EXERCISE BRIEF ->
Copy out the listing that follows, exactly, without its pictures.
-- SOURCE MATERIAL follows --
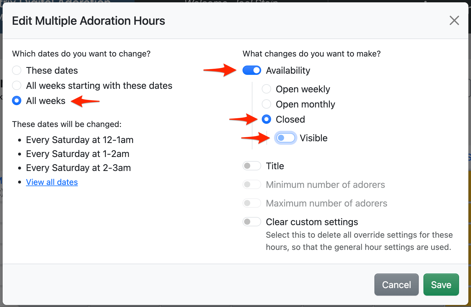 But if your adoration program runs on a limited schedule (e.g., only a few days per week), you might want to display only those hours when you usually offer adoration.
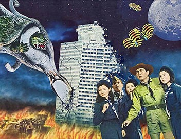 Un vaisseau extraterrestre menaçant s'approche dangereusement de la Terre. Heureusement, la tortue géante Gamera veille : elle détruit l'astronef. Mais les extraterrestres ont le temps d'envoyer un message à leurs compatriotes qui vivent cachés sur Terre. Ils découvrent le point faible de Gamera...
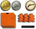 Every player gets $15, 1 road, 12 property tiles of his color and 3 cowboys of his color. Roads and cowboys constitute the personal reserve of the player.
-- SOURCE MATERIAL concluded --
SOLUTION FOR THIS TASK ->
 But if your adoration program runs on a limited schedule (e.g., only a few days per week), you might want to display only those hours when you usually offer adoration.
 Un vaisseau extraterrestre menaçant s'approche dangereusement de la Terre. Heureusement, la tortue géante Gamera veille : elle détruit l'astronef. Mais les extraterrestres ont le temps d'envoyer un message à leurs compatriotes qui vivent cachés sur Terre. Ils découvrent le point faible de Gamera...
 Every player gets $15, 1 road, 12 property tiles of his color and 3 cowboys of his color. Roads and cowboys constitute the personal reserve of the player.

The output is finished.